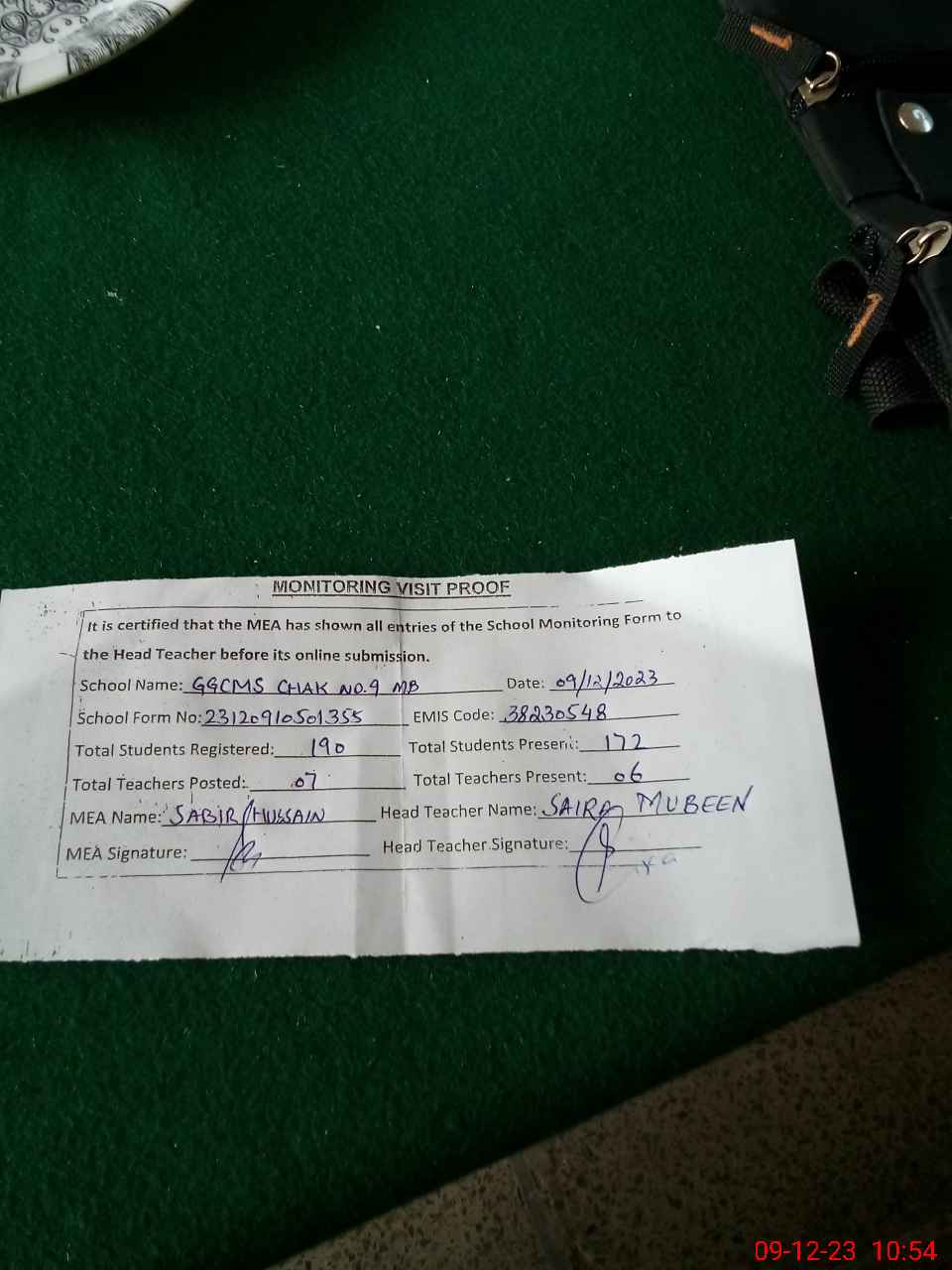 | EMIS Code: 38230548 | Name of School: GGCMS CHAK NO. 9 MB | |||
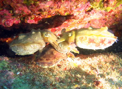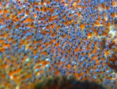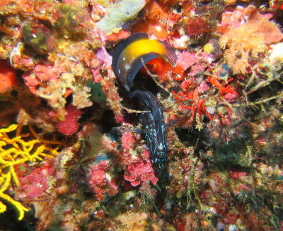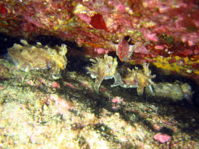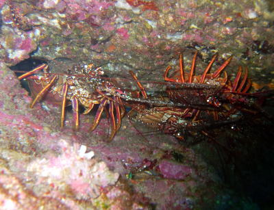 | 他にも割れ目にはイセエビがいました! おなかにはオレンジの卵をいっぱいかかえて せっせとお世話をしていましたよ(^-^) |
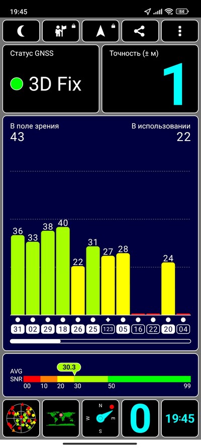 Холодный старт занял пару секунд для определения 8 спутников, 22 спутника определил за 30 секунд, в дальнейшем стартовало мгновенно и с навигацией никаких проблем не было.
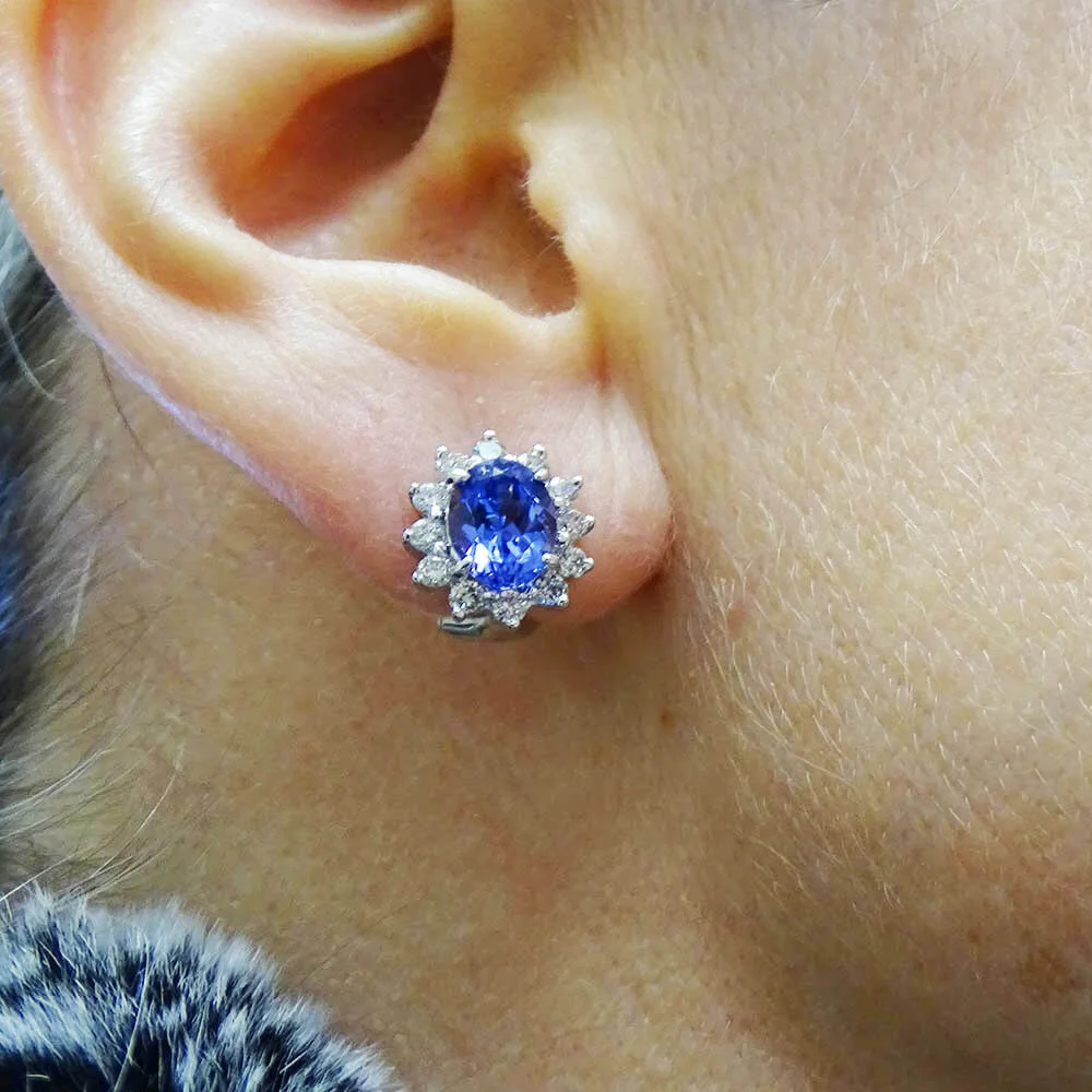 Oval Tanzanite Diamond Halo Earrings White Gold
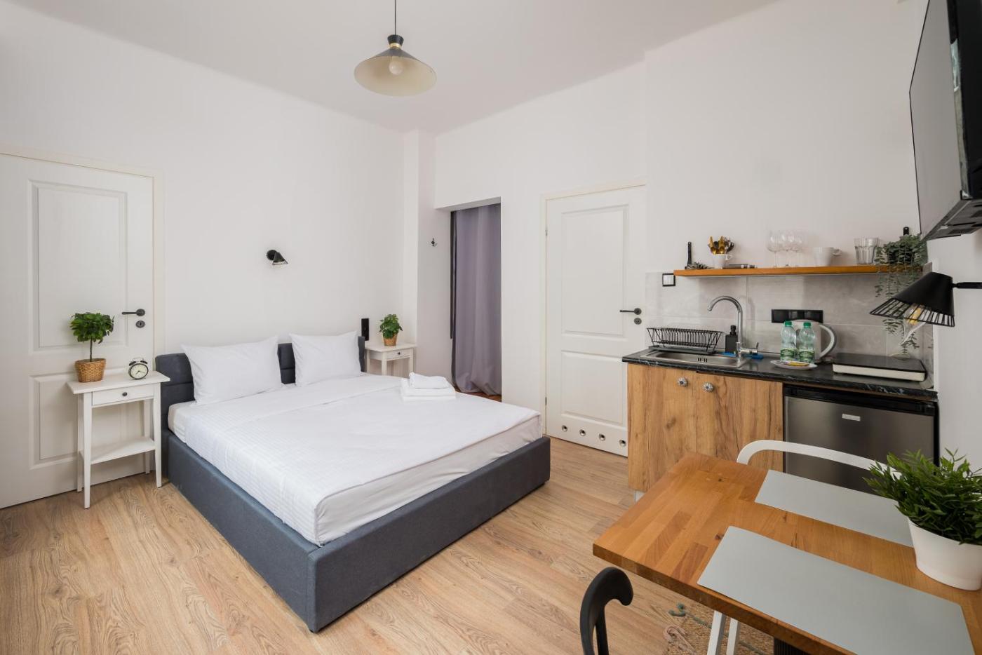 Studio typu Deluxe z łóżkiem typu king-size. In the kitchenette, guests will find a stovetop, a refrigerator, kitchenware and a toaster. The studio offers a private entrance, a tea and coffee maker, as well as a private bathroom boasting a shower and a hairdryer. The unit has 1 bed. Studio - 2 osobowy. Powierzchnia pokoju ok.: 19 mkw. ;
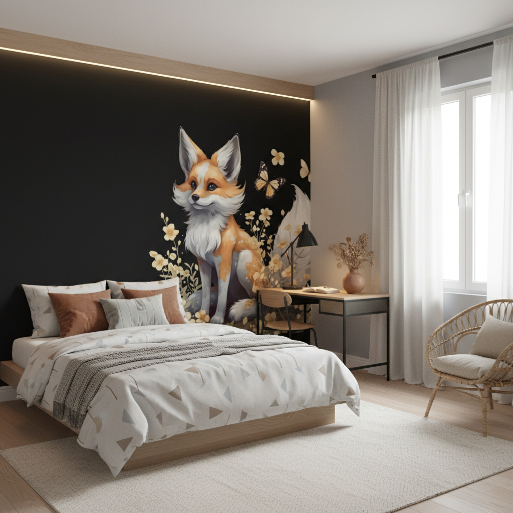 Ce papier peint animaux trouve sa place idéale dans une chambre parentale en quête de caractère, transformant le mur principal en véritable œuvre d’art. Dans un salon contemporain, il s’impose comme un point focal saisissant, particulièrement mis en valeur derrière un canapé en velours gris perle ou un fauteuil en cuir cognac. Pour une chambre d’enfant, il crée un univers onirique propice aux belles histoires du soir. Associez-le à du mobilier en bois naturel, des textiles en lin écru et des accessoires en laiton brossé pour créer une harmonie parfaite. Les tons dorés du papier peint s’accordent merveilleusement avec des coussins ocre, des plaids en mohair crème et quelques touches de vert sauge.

^^^^^^^^

**Problem to solve**: Make an exact copy of the lines from the one holding "Холодный старт занял" through the end of the material, both ends included, and keep the pictures out of it.

**Exercise result**:
 Холодный старт занял пару секунд для определения 8 спутников, 22 спутника определил за 30 секунд, в дальнейшем стартовало мгновенно и с навигацией никаких проблем не было.
 Oval Tanzanite Diamond Halo Earrings White Gold
 Studio typu Deluxe z łóżkiem typu king-size. In the kitchenette, guests will find a stovetop, a refrigerator, kitchenware and a toaster. The studio offers a private entrance, a tea and coffee maker, as well as a private bathroom boasting a shower and a hairdryer. The unit has 1 bed. Studio - 2 osobowy. Powierzchnia pokoju ok.: 19 mkw. ;
 Ce papier peint animaux trouve sa place idéale dans une chambre parentale en quête de caractère, transformant le mur principal en véritable œuvre d’art. Dans un salon contemporain, il s’impose comme un point focal saisissant, particulièrement mis en valeur derrière un canapé en velours gris perle ou un fauteuil en cuir cognac. Pour une chambre d’enfant, il crée un univers onirique propice aux belles histoires du soir. Associez-le à du mobilier en bois naturel, des textiles en lin écru et des accessoires en laiton brossé pour créer une harmonie parfaite. Les tons dorés du papier peint s’accordent merveilleusement avec des coussins ocre, des plaids en mohair crème et quelques touches de vert sauge.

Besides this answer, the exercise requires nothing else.